Non più tardi di 4 mesi fa, scrissi che evitare la recessione affidandosi a iniezioni di liquidità o a inutili tagli del tasso di sconto è un po’ come cercare di ritardare un inevitabile conto salato al ristorante ordinando altre portate. Tradotto in pratica, ciò significa che più si ritarda l’arrivo della recessione e più severa questa sarà. Quel che temo, purtroppo, è che questa crisi non sarà tanto breve e uscirne senza pagare prezzi alti non sarà semplice. Lo spettro dei fallimenti bancari è tornato a manifestarsi in maniera quasi spettacolare in Gran Bretagna e negli Stati Uniti, e in maniera più circospetta e subdola in Spagna, dove la BCE sta facendo (di nascosto) con l’intero sistema bancario iberico ciò che la Fed ha fatto (pubblicamente) con la banca d’affari Bear & Stearns, ossia sta acquistando con titoli del debito pubblico i subprime delle loro banche commerciali. Tutto questo, prima finisce e meglio è, perché, come tutte le bolle, anche quelle finanziarie non possono essere stabili, per non farle scoppiare occorre gonfiarle continuamente, fino a che non scoppiano perché troppo grosse.
Questi scenari rievocano sempre i fantasmi di crack passasti, di un nuovo 1929, per capirci. Naturalmente, c’è chi dice che rispetto ad allora la crisi si è manifestata in forme diverse (vero) e la capacità di risposta delle banche centrali è aumentata, cosa vera anche questa, ma ciò che non cambia è la dinamica delle crisi. Oggi come allora, e come negli anni Settanta, ci troviamo a subire le conseguenze di politiche monetarie espansive intraprese nel decennio precedente. Dalla metà degli anni ’90 (e soprattutto dopo l’11 settembre) l’immissione di liquidità e l’espansione creditizia sono state molto forti, così come lo furono sia negli anni Sessanta in America - perché occorreva finanziare la guerra in Vietnam e i progetti di Great society di Kennedy e di Lyndon Johnson - sia negli anni 20. Allora, come ben documentato nel libro La Grande Depressione di Murray Newton Rothbard (Ed. Rubbettino), i politici americani credettero che attraverso le manovre monetarie della Fed (appena istituita nel 1913) si potessero creare dal nulla tutte le risorse necessarie per soddisfare gli appetiti delle loro clientele.

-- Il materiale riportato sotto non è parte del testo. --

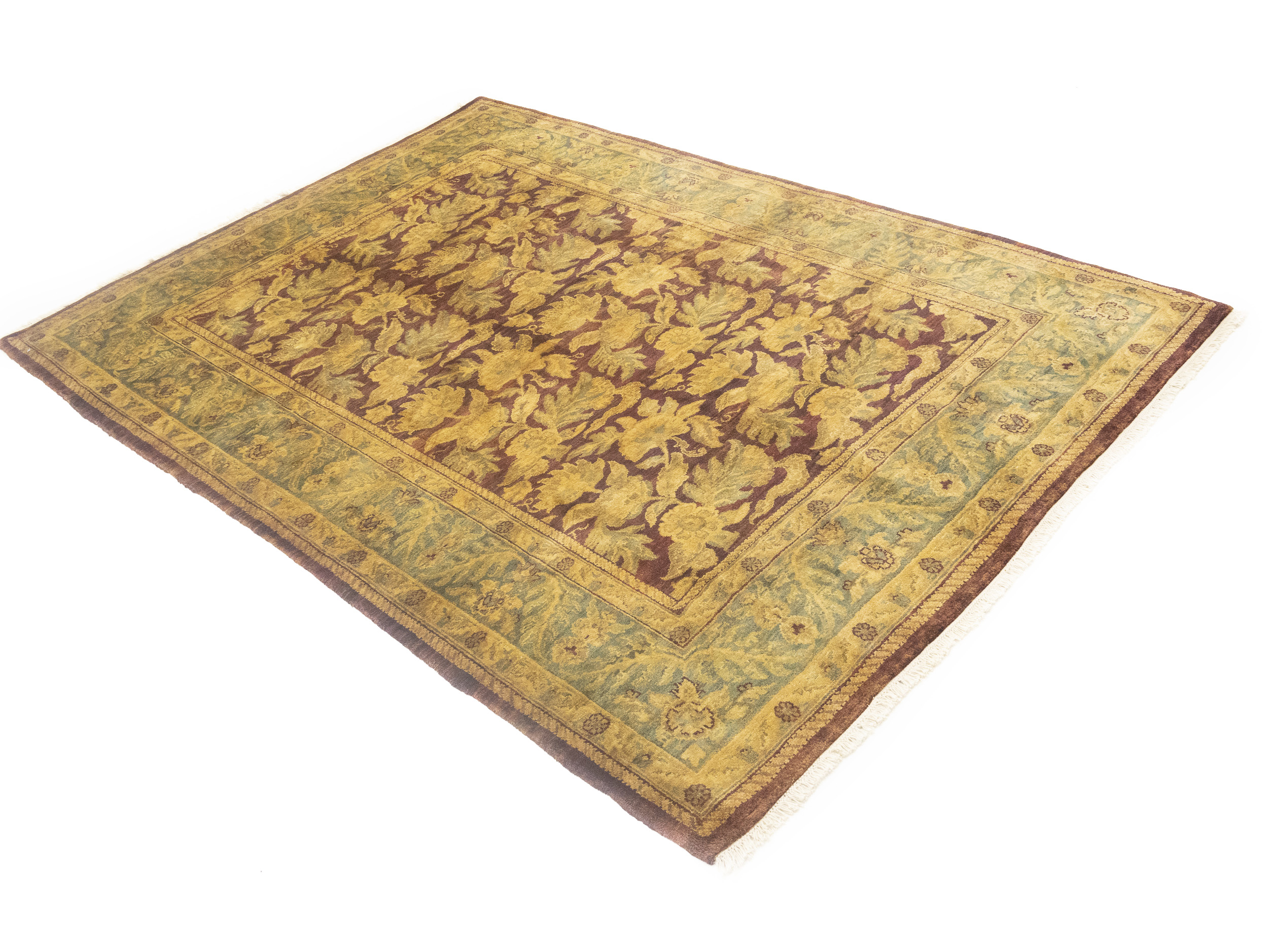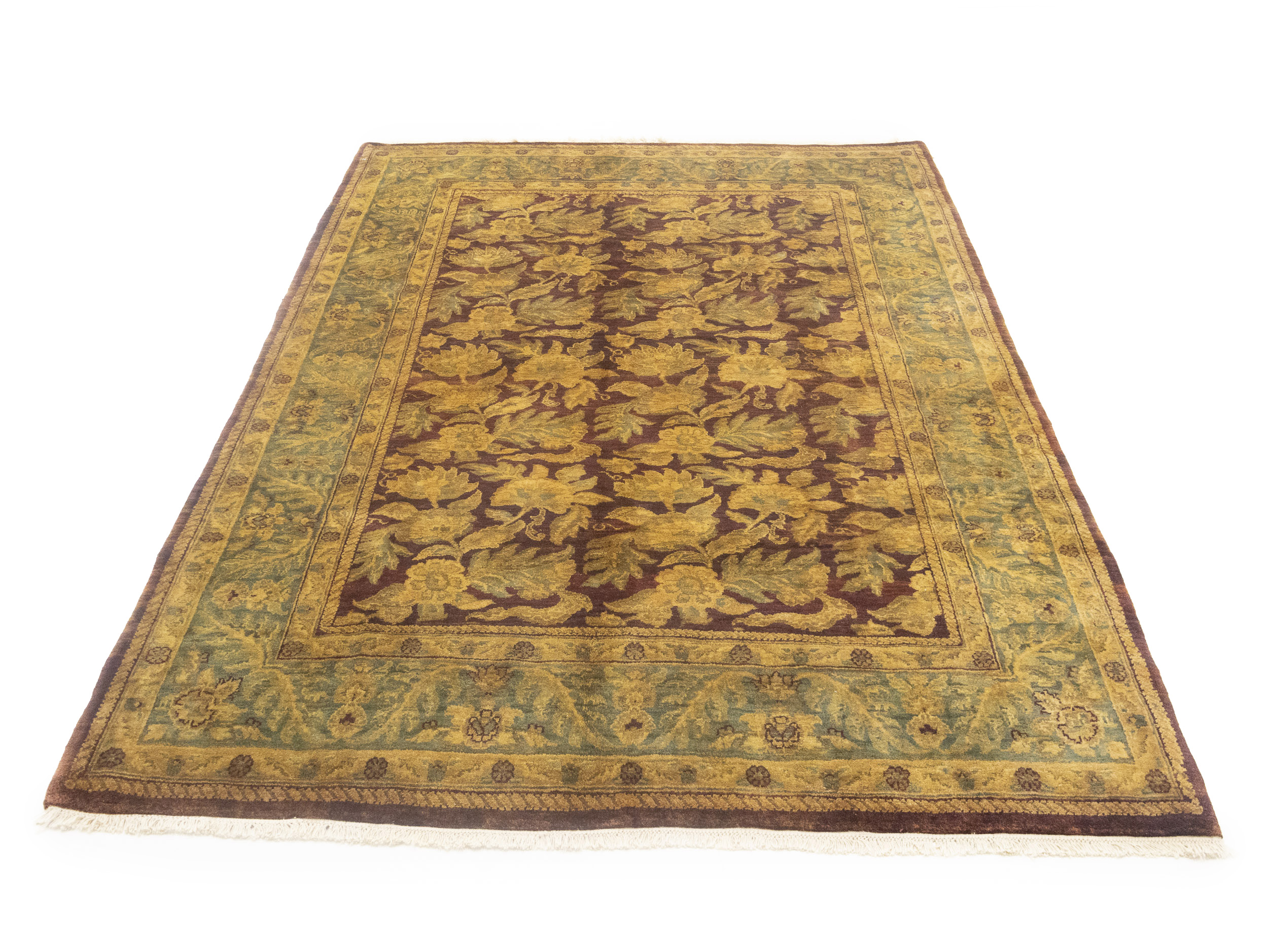 This authentic 6X9 Burgundy new Oriental rug was crafted by the hands of skilled weavers enthused by a variety of lovely artistic designs, to recreate the aged look of the unique piece with a richness of color and beautifully elaborated background field. What set this vintage style Oriental area rug from the others are the material and dye used (wool pile and cotton foundation), knot count, ancient designs, fantastic grades, and its regional historical connection: it has deep roots, from the story of the people who produced it to the meaning of the symbols and colors displayed across its canvas that have been praised for centuries. This Indian home décor carpet will be completely cozy and inviting that never will go out of style! Also, this Oriental rug would be among your most valuable treasures, it is a great investment that increase in value over time, and it will last for generations because was woven with high-quality, all-natural wool. Environmentally friendly, opulent yet affordable; this rug will give you a thorough amount of character to help define your living space with sophistication and warmth that will capture the eyes and attention of your audience (homeowners, designers, decorators, family and friends).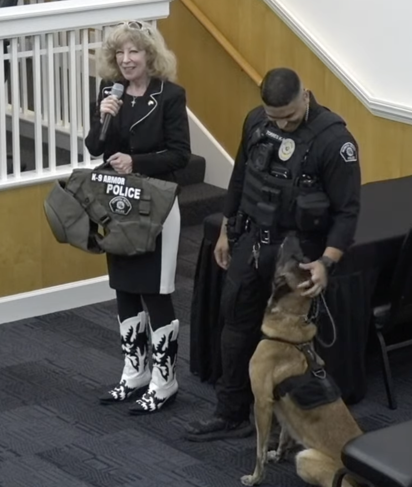 The evening's presentation centered on a crucial piece of equipment: a bulletproof vest donated by Canine Armor, a public benefit charity that provides protective gear to California police dogs.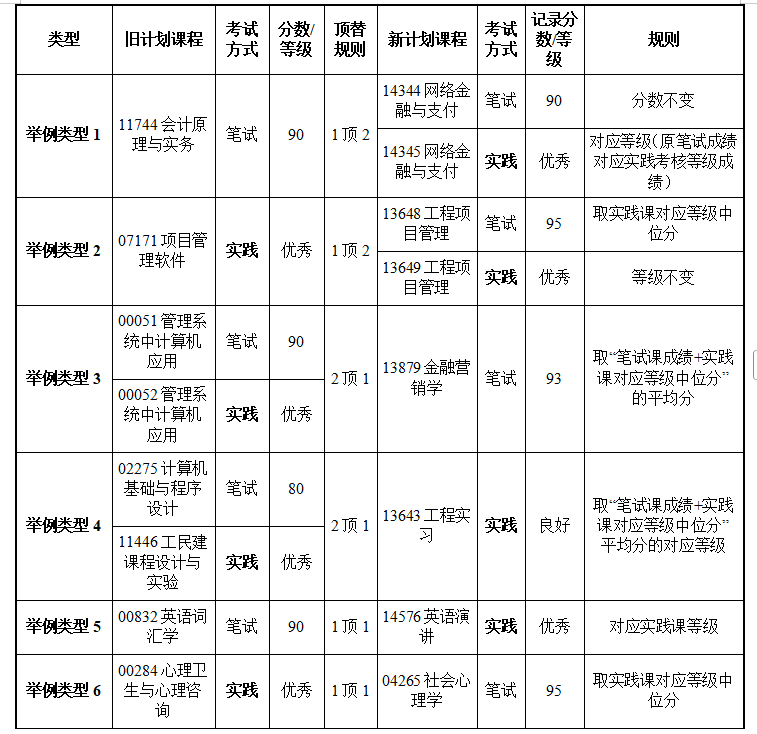 二、新旧计划顶替课程考试方式不一致的6种类型,举例如下:

Ebbene, allora come oggi, grazie ai tassi artificialmente bassi e al credito facile, si ebbe un boom artificiale di investimenti, e una volta che ciò avviene, il maggior impiego dei fattori produttivi (lavoro, materie prime, credito) fa sì che questi diventino più scarsi, così che i loro prezzi (che per le imprese sono costi) aumentano, e con essi i prezzi dei beni di consumo. In tale contesto, la banca centrale deve per forza alzare i tassi per scongiurare la spirale rialzistica prezzi-salari, dato che l’aumento dei prezzi è sempre maggiore di quello dei salari, di modo che il potere d’acquisto dei consumatori diminuisce, mentre per via del fatto che i costi sono stati sostenuti in passato quando i prezzi reali dei fattori produttivi erano alti, i prezzi dei beni di consumo sono alti anch’essi e non possono essere diminuiti. E nella crisi odierna c’è da mettere nel conto anche gli effetti perversi del credito al consumo, strumento anti-ciclico nelle intenzioni, ma il cui unico effetto è stato quello di posticipare il momento della recessione, salvo però alimentare ulteriormente la bolla speculativa in atto, finendo per aumentare la massa debitoria di molti cittadini verso le banche.

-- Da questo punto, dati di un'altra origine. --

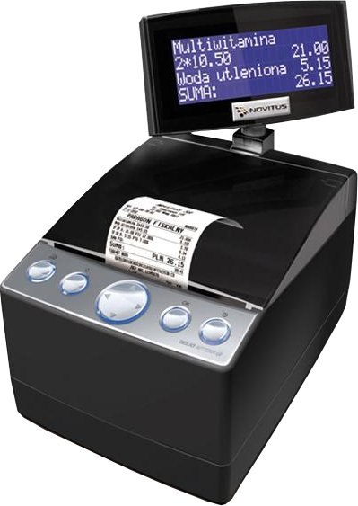 Wysoka wydajność, szybkość działania i cicha praca zapewniają wysoki komfort obsługi klienta. Dzięki optymalizacji wydruków i zastosowaniu jednego nowoczesnego, termicznego mechanizmu drukującego i rejestracji kopii wydruków na specjalnej karcie NovitusSD, drukarka DELIO APTEKA E jest urządzeniem tanim w eksploatacji. Posiada wiele funkcji usprawniających działanie placówki handlowej. Duży, obrotowy (na życzenie podwyższony), czytelny, czteroliniowy wyświetlacz w kolorze niebieskim dokładnie wyświetla informacje o sprzedawanych towarach, lekach, cenach, kwotach, refundacjach, sumach do zapłaty, opisie recepty, oraz innych operacjach wykonywanych na drukarce fiskalnej. Można na niej drukować potwierdzenie zamówienie leku robionego, recepturę leku itp.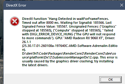 - Exception code: 0x887a0006 = DXGI_ERROR_DEVICE_HUNG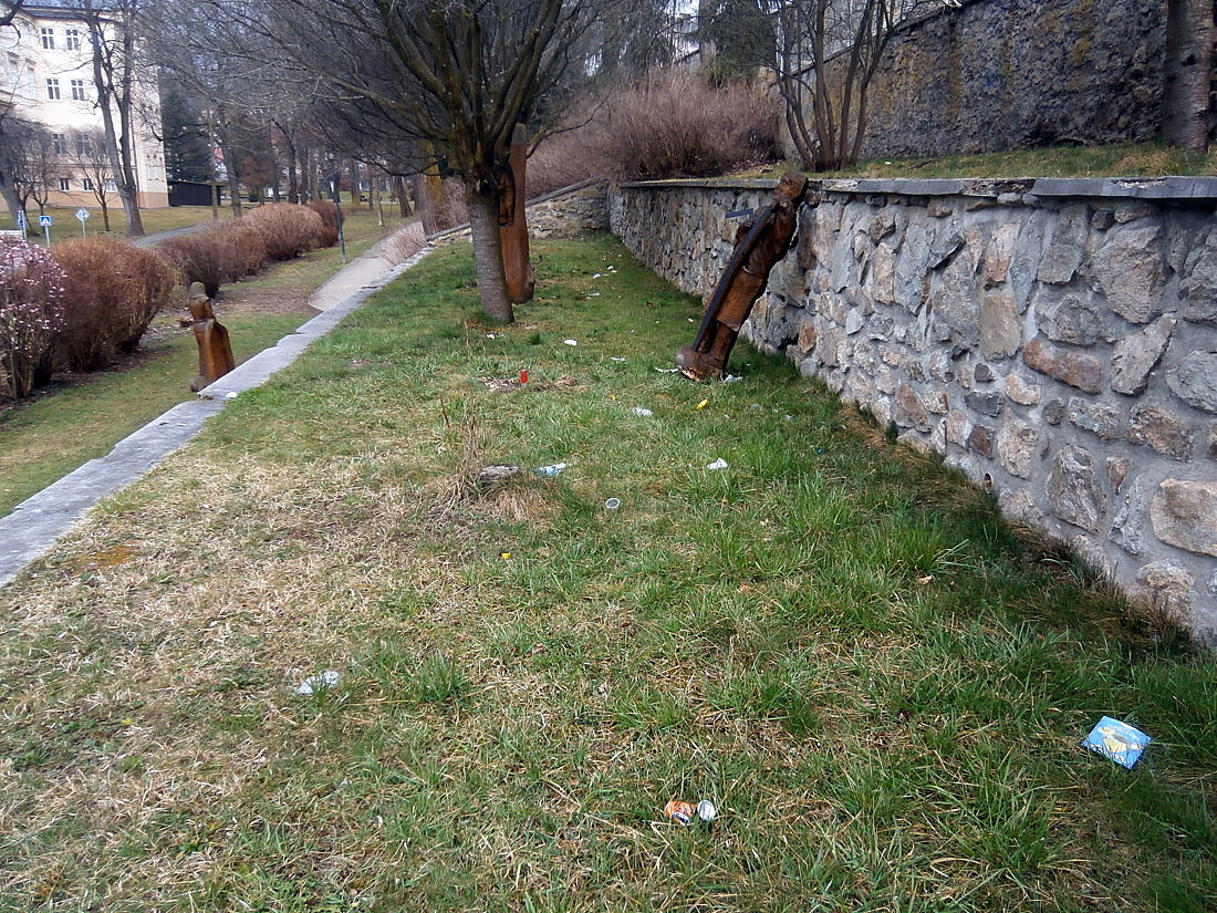 NAŠE MĚSTO VIMPERK: Poničené sochy v parku čtyři dny poté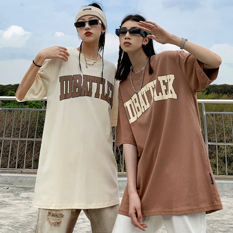 全2色 シャツ カットソー 五分 七分 半袖 切り替え 体型カバー ロゴ 英字 ユニセックス 男女兼用 原宿系ファッション 韓国風ダンス 衣装 ヒップホップ 個性 奇抜 かわ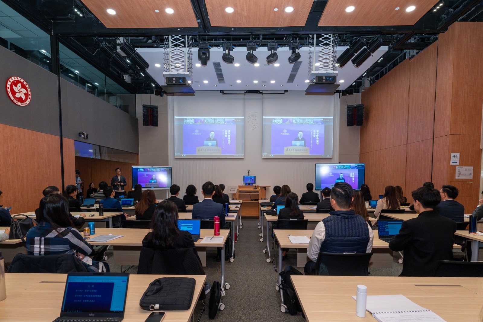 林定國感謝中央港澳辦八局局長楊曉山,以及清華大學繼續(xù)教育學院黨委書記趙雨東一直對本課程的大力支持,也感謝清華大學負責主講本期課程的各位星級講師,包括王振民博士、余凌雲(yún)博士、張建偉博士、聶鑫博士、汪洋博士、畢雁英博士、靳衞萍博士和張建平博士。他期望學員們把握機會,好好學習。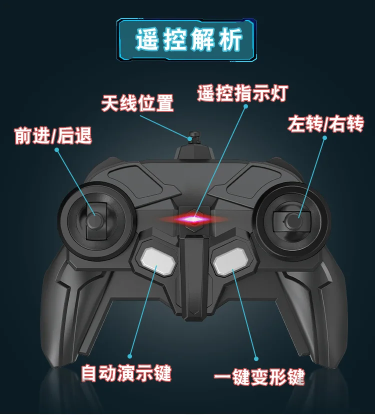Product Name: Remote Control Deformation Car 1:18 Packing quantity: 36PCS Carton size: 80 * 27 * 74CM Gross weight / net weight: 25 / 23kg Product size: person: 17*15.5*19.5 car: 23*10*6 Remarks: one-button deformation with light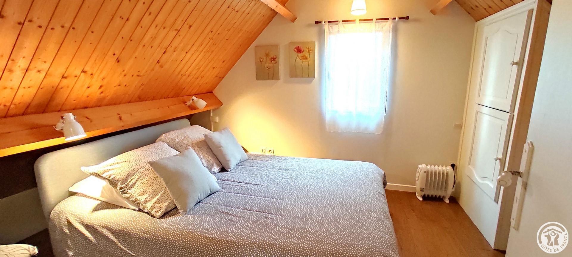 Gîte adjoining on 2 levels. On the 1st floor : 2 bedrooms (1 double bed - 2 single beds) - shower on the bathroom - wc.

Questa è la dinamica congiunturale delle recessioni, mentre per quanto riguarda l’Italia, a tutto ciò si aggiungono i soliti problemi strutturali e sistemici. In un contesto recessivo e stagflativo come questo, invece di invocare bassi tassi e più Stato occorrerebbe diminuire le imposte, abbattere i costi e aumentare l’efficienza delle imprese. L’Italia avrebbe dalla sua anche la possibilità di aumentare l’efficienza sistemica attuando un massiccio programma di liberalizzazioni, che associate a una forte diminuzione delle imposte potrebbero sortire effetti positivi ben più di quanto non sembri.

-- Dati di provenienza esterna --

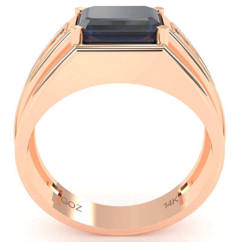Classic and bold men's lab-created sapphire and diamond ring crafted in solid 14k rose gold. With a twelve diamond channel set and a 6x8mm emerald cut center stone set horizontally, this one is guaranteed to impress.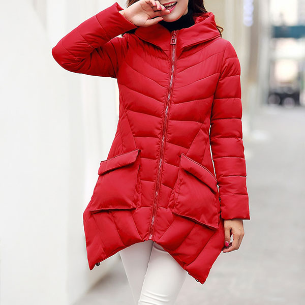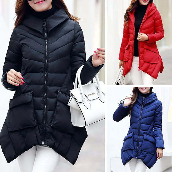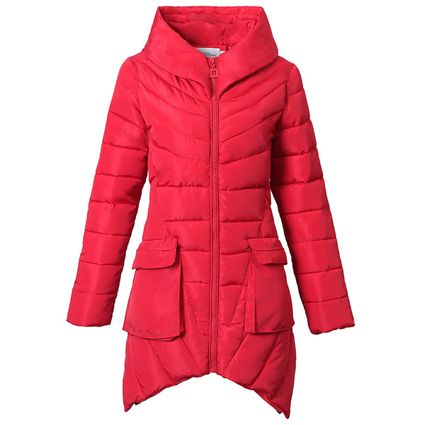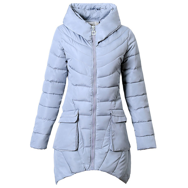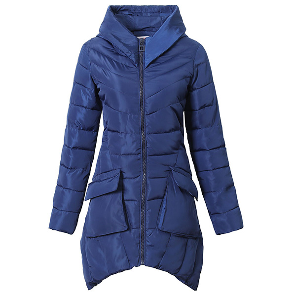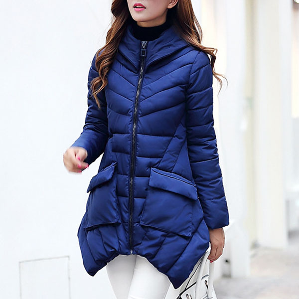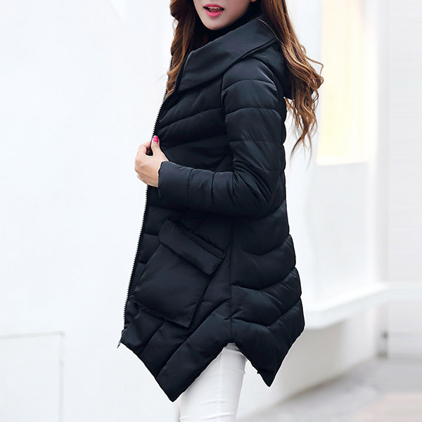 When the cold season hits,you can simply slip into this padded coat to keep yourself warm. It is finished with long sleeve,stand collar,hooded silhouette and an irregular hem,chic yet stylish. The bid pockets design can keeps your hands warm. It is worth to be your new darling in these chilly days.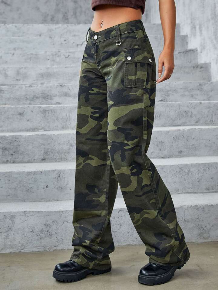 Jeans mit Camo Muster, breitem Beinschnitt

Infatti, l’Italia è il paese industrializzato con il debito privato più basso e con la capacità di risparmio maggiore. Il problema è questo risparmio è troppo rivolto verso il mattone, mentre necessiterebbe di essere indirizzato verso settori più dinamici, il che porterebbe effetti positivi persino allo stesso settore immobiliare. Questo, naturalmente, non dovrebbe avvenire con metodo coercitivi, ma attraverso riforme radicali delle nostre istituzioni economiche e giuridiche, ossia attraverso una maggior trasparenza, una giustizia più rapida e più severa contro chi froda e delinque, diritti di proprietà più sicuri, più concorrenza e minori vincoli. Tutto questo non sembra al momento nelle corde del governo italiano. Di liberalizzazioni non si parla e il Ministro dell’economia Giulio Tremonti ha tenuto a precisare che la pressione fiscale rimarrà inalterata almeno per i prossimi tre anni.
Nel governo Berlusconi sta emergendo chiaro e tondo un approccio iper-protettivo alla crisi con una sorta di catenaccio economico a difesa dell’esistente, quando l’Italia è un paese che avrebbe necessità di aprirsi e di modernizzarsi. L’attuale governo ricorda proprio quello del presidente americano Roosevelt, che con il New Deal degli anni ’30 ricompattò sì la nazione, ma a prezzo di una crisi che si protrasse fino al 1941 quando l’entrata in guerra resettò tutto facendo ripartire l’economia. Se questo è l’esempio che il Governo Berlusconi vuole seguire, prima cambia registro e meglio è.